# Help with jordan normal form exercises

Let $A$ be a $7\times 7$ matrix such that $(A-I)^3=0$ and $(A-I)^2$ has rank $2$. How can we find the Jordan normal form of $A$?

Since $(A-I)^3=0$, The only eigenvalue of $A$ is 1, and the Jordan blocks are of size no bigger than 3. Since $(A-I)^2$ has rank 2, There must be some Jordan block of rank bigger than 2. But if $B$ is a jordan block of size 3, $(B-I)^2$ has rank one. Hence we must have 2 Jordan blocks of size 3. Since $A$ is $7\times 7$, there is one additional Jordan block, of size 1. $$\begin{pmatrix} 1 & 1 & 0 & 0 & 0 & 0 & 0 \\ 0 & 1 & 1 & 0 & 0 & 0 & 0\\ 0 & 0 & 1 & 0 & 0 & 0 & 0\\ 0 & 0 & 0 & 1 & 1 & 0 & 0\\0 & 0 & 0 & 0 & 1 & 1 & 0\\ 0 & 0 & 0 & 0 & 0 & 1 & 0 \\0 & 0 & 0 & 0 & 0 & 0 & 1 \end{pmatrix}$$
• Thanks Frankel and Jordan.

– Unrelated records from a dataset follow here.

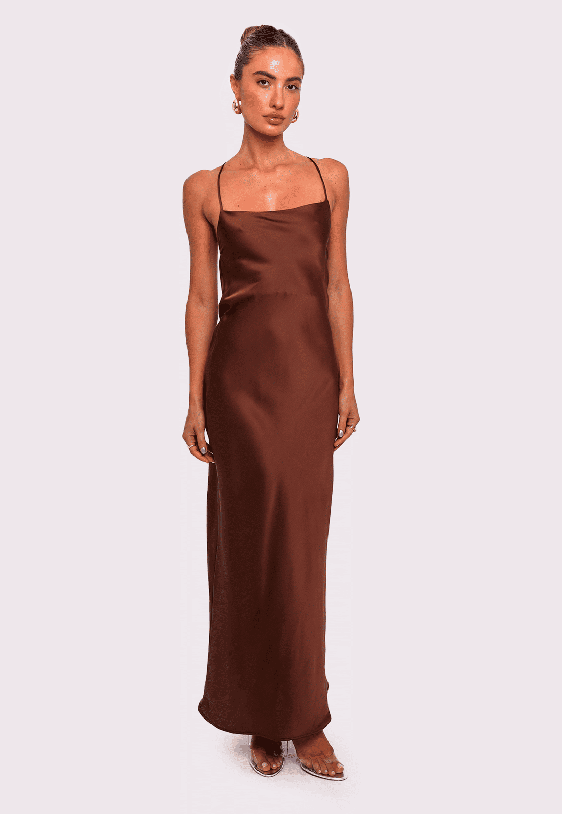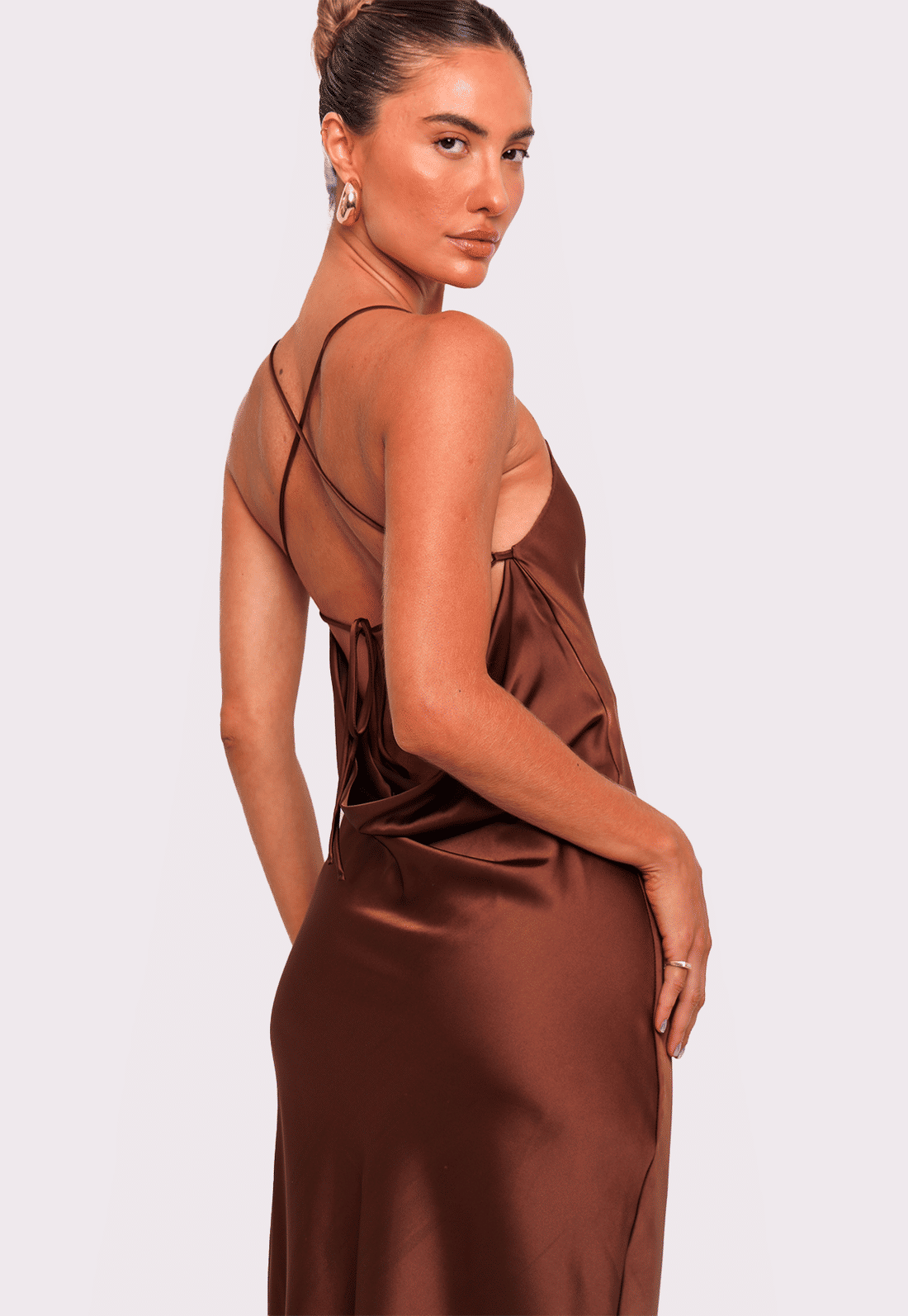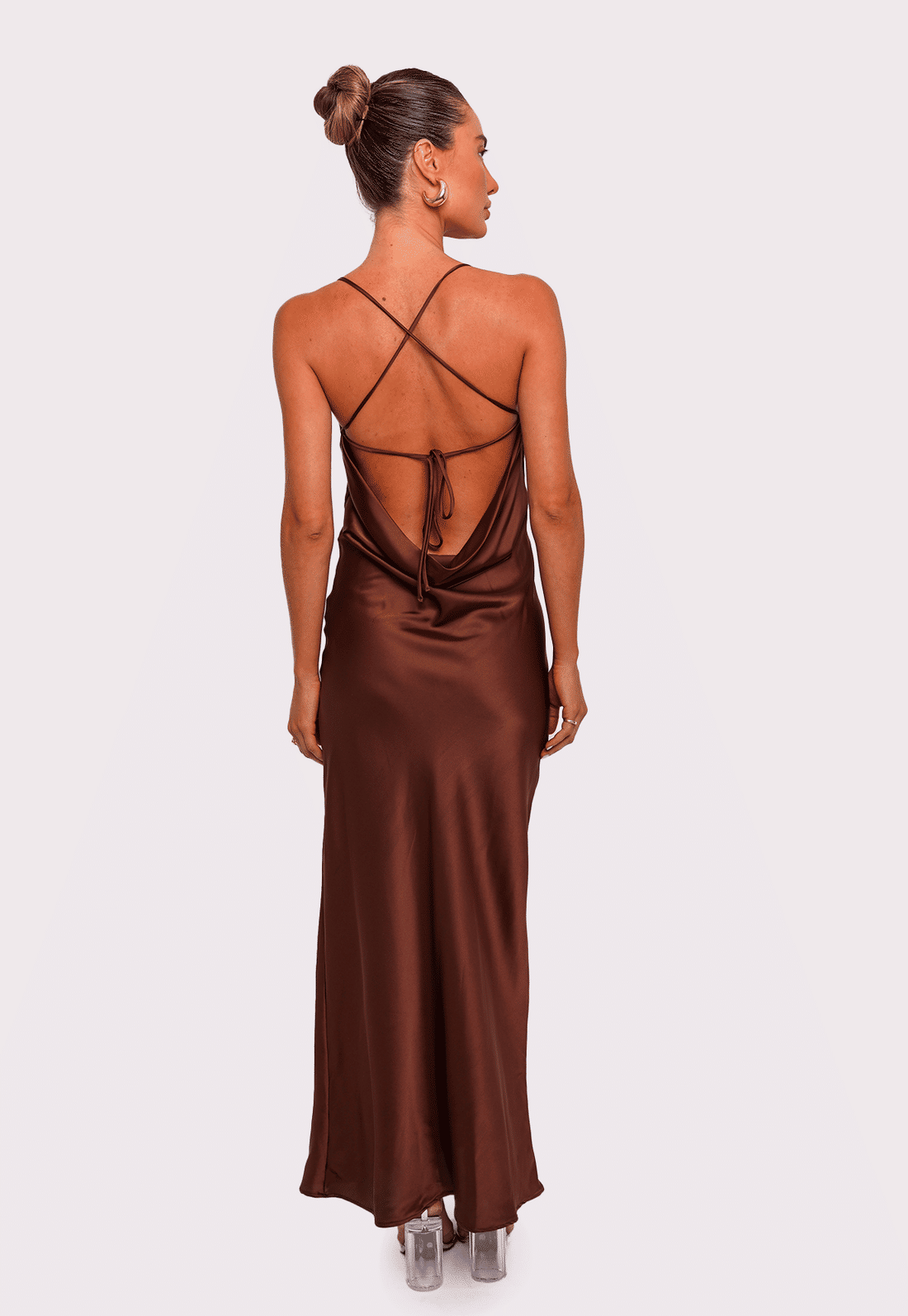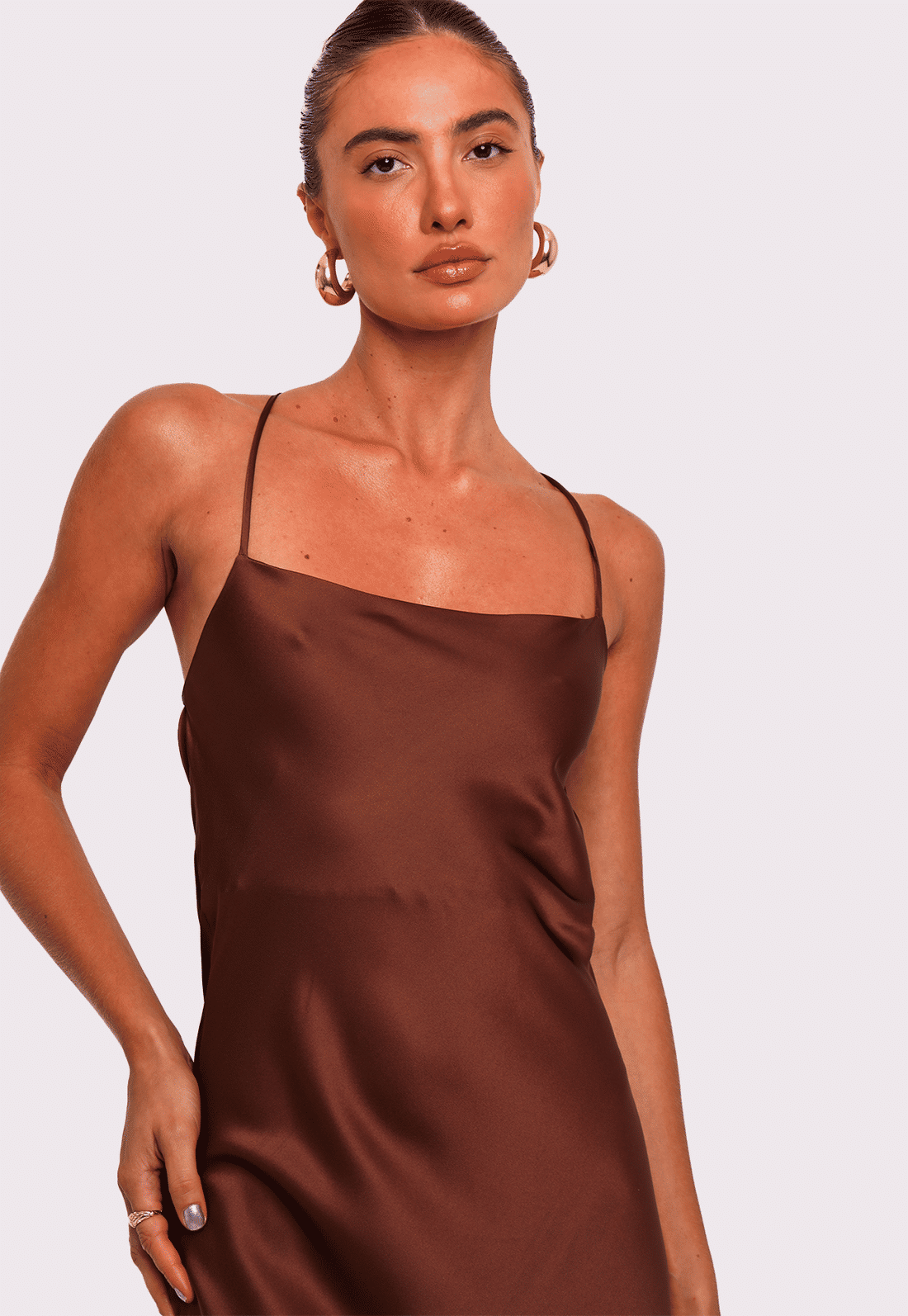 Detalhe: vestido com comprimento longo em cetim, decote degagê nas costas e alças finas que se cruzam e possibilitam regulagem por amarração.
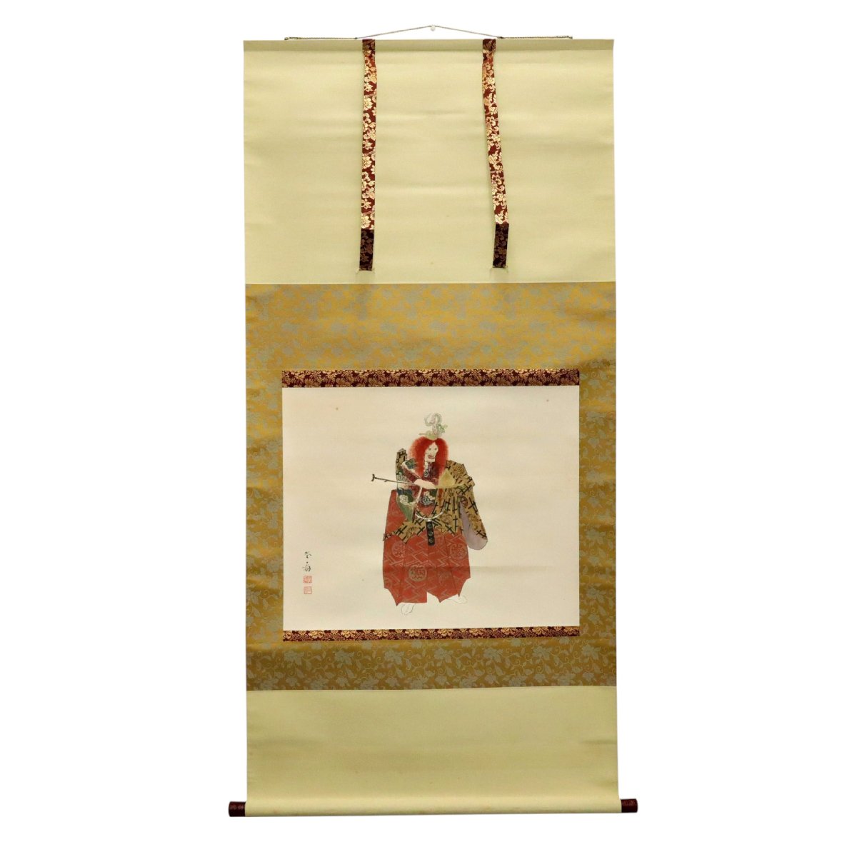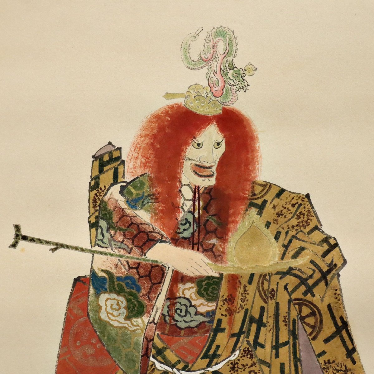 備後・福山市ゆかりの画人・園木冬扇による「能の図」紙本掛軸。共箱付の書画骨董で、能楽の静謐な一瞬を端正な筆致で描き、舞の緊張感と余韻を巧みに表現した格調高い美術品です。日本伝統芸能を題材とした希少な一幅です。
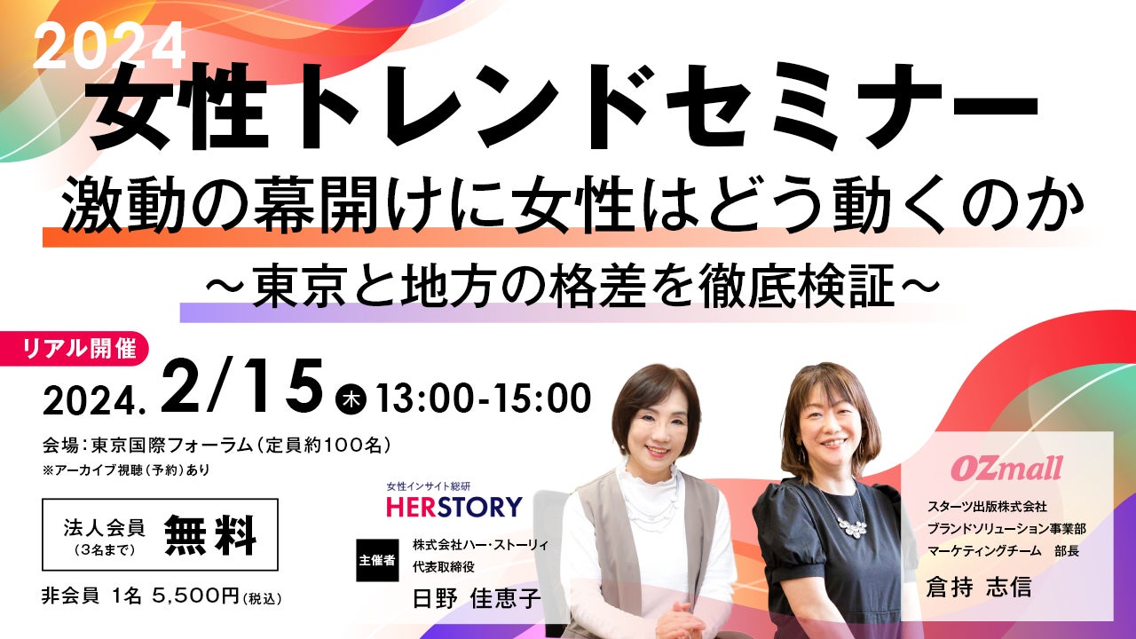 【2/15女性トレンドセミナー開催】OZmall(オズモール)×女性インサイト総研HERSTORY『激動の幕開けに女性はどう動くのか。東京と地方の格差を徹底検証!』
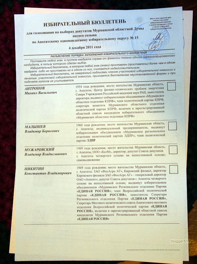 Пошёл сегодня на избирательный участок узнать есть ли на участки списки кандидатов в депутаты в область и в Москву. Мне там показали фигу да ещё и с маком!!! Нет там не списков ни фото морд будущих защитников народа. Спросил а почему это нет, осталось всего неделя до выборов? Ответ простой и точный -ТИК не прислал ещё. Звоню в ТИК, тот же вопрос, ответ получаю полный. Списки увидите в день голосования, а сейчас можете их посмотреть в СМИ (инет, газета, радио и телик). Я не встречал за свою жизнь такого блядства!!! При СССР такого не было, я знал в конце концов за кого голосую за ранее (нравятся они мне или нет) Скоро Мы как избиратели совсем не нужны будем. Придумают голосовать по почте в виде телеграм или по телефону в виде факса. А может просто в виде телеыонограм. «Передал-Иванов» » Приняла Петрова»
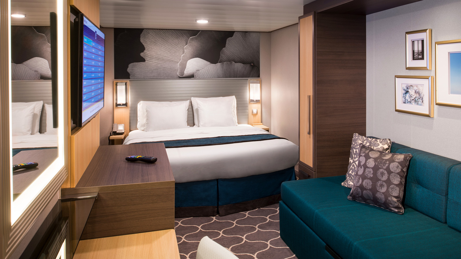 All staterooms and suites come complete with bathroom, vanity area, hair-dryer, TV and phone. Two t ... win beds that convert to a Royal King bed. One double sofa bed in staterooms with up to 4 guests Stateroom: 179 sq. ft.

By using your answer I try to solve this question. A is 4x4 matrix with complex coefficient such that $(A-3I)^2=0$ possible jordan forms of A. The only eigenvalue 3 and the size of Jordan blocks are not bigger than 2 since $(A-3I)^2=0.$ $\begin{pmatrix} 3 & 1 & 0 & 0 \\ 0 & 3 & 0 & 0 \\ 0 & 0 & 3 & 1\\ 0 & 0 & 0 & 3 & \end{pmatrix}$ $\begin{pmatrix} 3 & 1 & 0 & 0 \\ 0 & 3 & 1 & 0 \\ 0 & 0 & 3 & 0\\ 0 & 0 & 0 & 3 & \end{pmatrix}$ $\begin{pmatrix} 3 & 1 & 0 & 0 \\ 0 & 3 & 1& 0 \\ 0 & 0 & 3 & 1\\ 0 & 0 & 0 & 3 & \end{pmatrix}$ Is it right? Commented Feb 25, 2012 at 3:53
• $\begin{pmatrix} 3 & 1 & 0 & 0 \\ 0 & 3 & 0 & 0 \\ 0 & 0 & 3 & 1\\ 0 & 0 & 0 & 3 & \end{pmatrix}$ $\begin{pmatrix} 3 & 1 & 0 & 0 \\ 0 & 3 & 0 & 0 \\ 0 & 0 & 3 & 0\\ 0 & 0 & 0 & 3 & \end{pmatrix}$ $\begin{pmatrix} 3 & 0 & 0 & 0 \\ 0 & 3 & 0& 0 \\ 0 & 0 & 3 & 0\\ 0 & 0 & 0 & 3 & \end{pmatrix}$ Commented Feb 25, 2012 at 4:49
All of $A$'s eignevalues are $1$, since $A$'s minimal polynomial divides $(X-1)^3$. So the Jordan blocks have $1$s down the diagonal. The blocks most be less than or equal to $3$ in size, or else $(A-I)^3$ would not be $0$. We could not have all of the blocks being of size $\leq2$, or else $(A-I)^2$ would already be $0$ and have $0$ rank. And each block of size $3$ can only contribute $1$ to the rank of $(A-I)^2$. So we must have two blocks of size $3$ and one of size $1$.